Identify Product Codes That Contain Numbers

Let's say you have a list of product codes in column A. Some codes have numbers in them, some are only letters. You want to quickly flag which ones contain at least one digit.

This is where we use our first pattern from the crash course — [0-9] — which means "any single digit from 0 to 9."

Below are the steps you need to follow.

Click on cell B2 and enter the following formula.

=REGEXTEST(A2,"[0-9]")

In the end, hit Enter. It returns TRUE because cell A2 ("ABC123") has digits in it.
Now drag the formula down from B2 to B7. Excel checks each cell one by one.

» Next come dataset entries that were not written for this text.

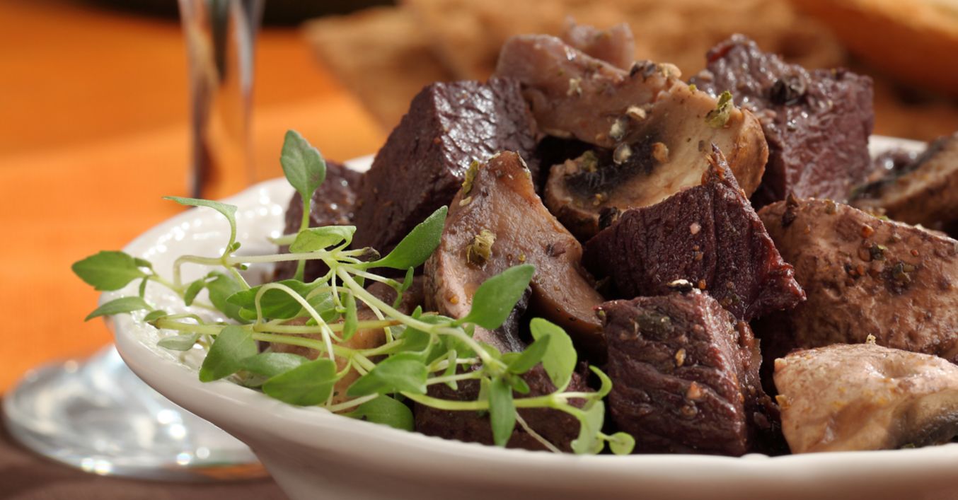 Mięso wrzucić na gorącą oliwę, obsmażyć z każdej strony, zalać ¼ l wody i winem, dodać przyprawę do pieczeni, zagotować. Dusić na małym ogniu przez 30 – 40 minut. Pieczarki wyczyścić, pokroić w ćwiartki i dodać do gulaszu. Dusić kolejne 30 minut, doprawić solą i pieprzem.
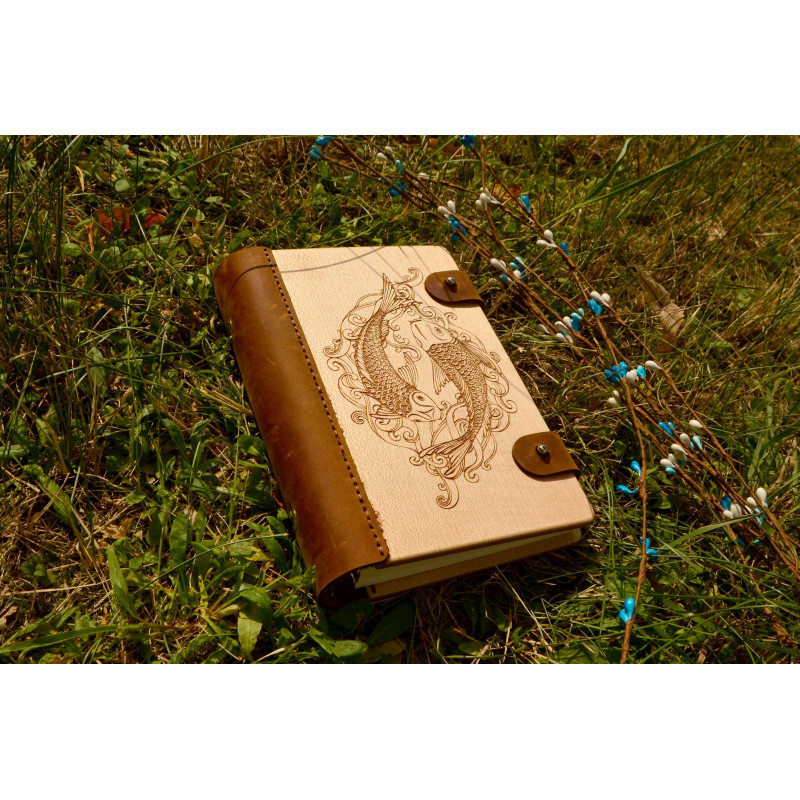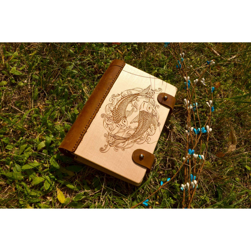 Блокнот з натурального дерева в поєднанні зі шкірою "Риби"
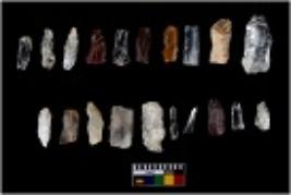 | Description / विवरण | There are n-20 of microliths, among them 12 are quartz, and 8 are of chert. Some of them are partially broken. They show variation in colour, size and shape. Some of them are blunted back blades, points, triangles, trapezes, crescent and truncated blades. |
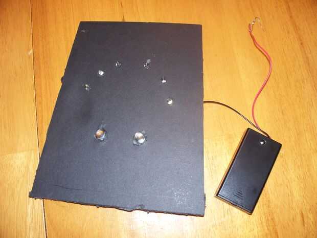 En la foto de abajo ves que tengo los LEDs insertados en la base de la espuma y cableado. Orienté todo los LEDs con el largo en la parte exterior del círculo y las puntas cortas en el interior del círculo. Esto hizo cableado y soldaduras muy simple.

Look at the results. "ABC123" has digits — TRUE. "HELLO" doesn't — FALSE. "XY-99-MN" has 99 in it — TRUE. "WIDGET" is only letters — FALSE. Simple.

How This Pattern Works

REGEXTEST(A2, "[0-9]")

A2 This is the text argument — the cell we're testing. REGEXTEST looks at whatever text is inside this cell.

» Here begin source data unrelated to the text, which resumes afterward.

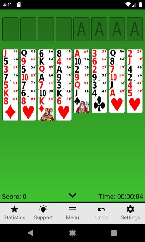 Delapan kolom kartu menunggu upaya Anda untuk membersihkannya dengan gerakan sesedikit mungkin. Mulailah bermain dengan satu setelan sampai Anda merasa nyaman, dan kemudian lihat bagaimana tarif Anda saat menggunakan dua atau bahkan keempat setelan dalam sebuah permainan.
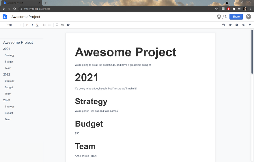 So imagine you're looking at your favourite collaborative doc, perhaps you are planning a project with several others, and it looks something like this:
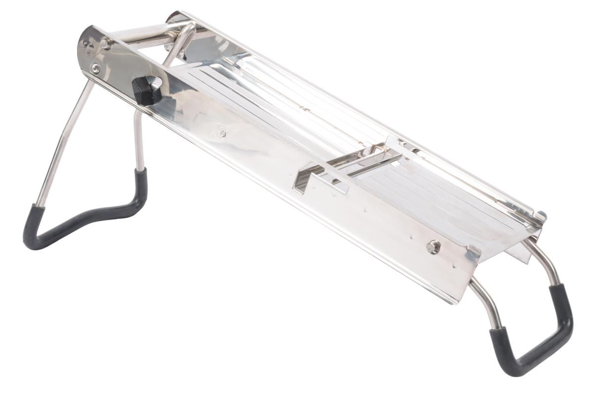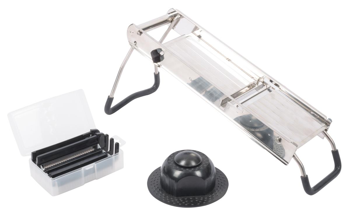 Une mandoline professionnelle, robuste et indéformable avec un châssis en acier inoxydable 18/8 permet de couper légumes et fruits en tranches lisses ou gaufrées ou en bâtonnets, elle est livrée avec 5 lames:
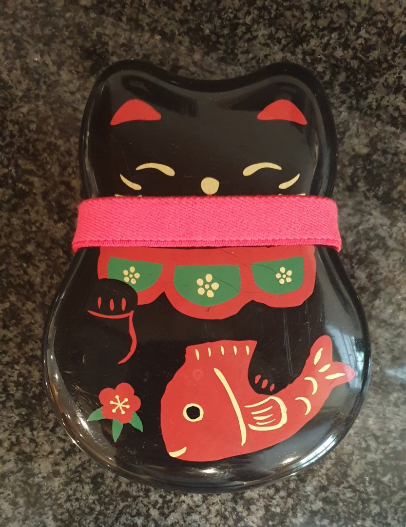 In Japan the lunch boxes vary in shape and size and of course design options just like in the UK, but with my OCD nature I like how they have separate areas and accessories to organise your lunch. Before leaving Tokyo we acquired a few bento boxes and gadgets to make novelty onigiri, rice balls, but as I’m usually rushing to make both breakfast and lunch while having a cup of tea the latter are not used so often. One of my favourite lunch boxes is the cat that was given as a gift.
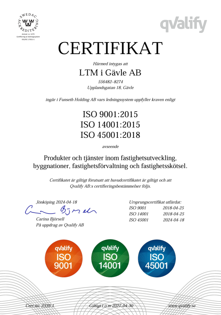 Vi arbetar för att uppfylla ställda och bindande krav och ständigt förbättra
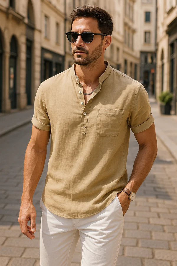 Monarch Chemise Été – Col Montant Décontracté en Lin & Coton
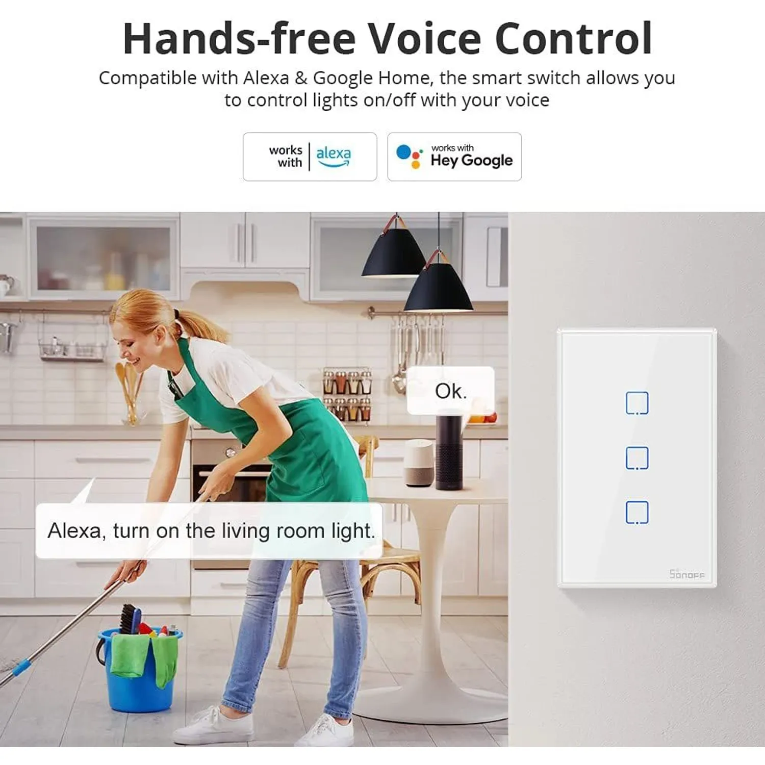 Características principales: Control remoto desde el teléfono para todos los interruptores, cada dispositivo puede operar de manera independiente. Compatible con Amazon Alexa y Google Assistant para control por voz. Botones táctiles sensibles que integran un diseño moderno en la pared. Escenas inteligentes personalizables para activar dispositivos o grupos de dispositivos con un solo toque. Control LAN que asegura funcionamiento estable ante redes WiFi inestables. Integración con IFTTT para comunicación versátil entre dispositivos y servicios. Función de control compartido y monitoreo en tiempo real mediante la aplicación eWeLink.
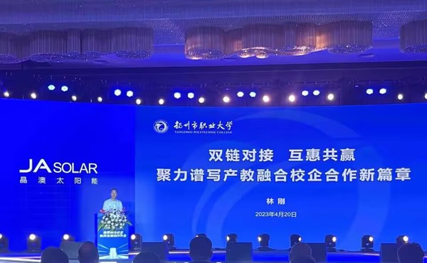 会上,林刚代表学校作以“双链对接互惠共赢聚力谱写产教融合校企合作新篇章”为主题的交流发言。他指出,学校长期以来一直积极推进产教融合、科教融汇,与晶澳开展了深度合作,希望双方能够以本次签约为契机,继续深化产教融合,加大合作力度,共同打造校企命运共同体。
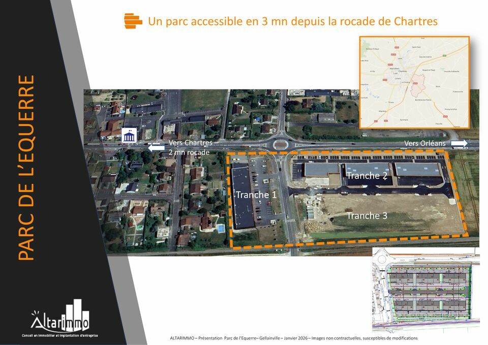 A VENDRE, LOCAUX D'ACTIVITÉS NEUFS au sein d'un parc qualitatif de locaux professionnels, destinés à des activités ARTISANALES, et de SERVICES. Les locaux sont divisibles sur-mesure, à partir de 240 m², dans un immeuble de plain pied. Le programme bénéficie d'une excellente visibilité, en façade de la RN154 (14 000 véhicules par jour), au sein d'un parc fonctionnel et à l'architecture originale.

[0-9] This is the pattern. The square brackets create a character class. The 0-9 inside means "any digit from 0 to 9." So this pattern says: is there at least one digit anywhere in this text?

→ Returns TRUE if any digit exists, FALSE if not

Now, I want to point out something important. This pattern [0-9] doesn't check how many digits there are. It doesn't check where the digit appears. It just asks: is there at least one?

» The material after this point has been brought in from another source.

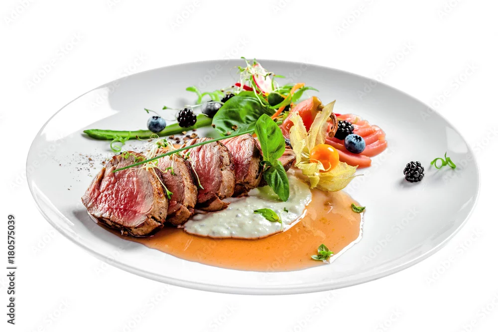 Delicious medium rare meat steak with sauce and salad on a plate. Healthy food made of meat fillet and fresh herbs isolated on a white background.
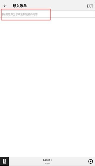 3、复制需要导入的歌单链接,通常在歌单的分享功能中能够找到该链接。随后,将其粘贴至框内,点击“打开”,即可成功导入。

That's because REGEXTEST checks if any part of the text matches. It found a digit somewhere in "ABC123" and that was enough to return TRUE.

✓Tip

Quick tip: You could also write this pattern as \d instead of [0-9] — they mean the exact same thing. I used [0-9] here because it's easier to read when you're just getting started.

If you wanted to check that the entire cell is only digits — nothing else — you would use anchors and a quantifier like this:

=REGEXTEST(A2,"^[0-9]+$")

Here ^ means start of text, [0-9]+ means one or more digits, and $ means end of text. Together, they say: the cell must contain only digits from start to finish. "ABC123" would return FALSE with this pattern because it has letters too.

★Note

See how we just used three pieces from the crash course — a character class [0-9], an anchor ^...$, and a quantifier +? That's all regex is. You combine small building blocks into a pattern that describes what you're looking for.

That's REGEXTEST. One function, one pattern, TRUE or FALSE. In the later sections, we'll use REGEXTEST inside IF, FILTER, and XLOOKUP to do more powerful things with it. But for now, let's move to the next function — REGEXEXTRACT.

Function 2

REGEXEXTRACT — Pull Matching Text Out of a Cell

REGEXTEST tells you if a pattern exists. REGEXEXTRACT goes one step further — it actually pulls out the matching text and gives it back to you.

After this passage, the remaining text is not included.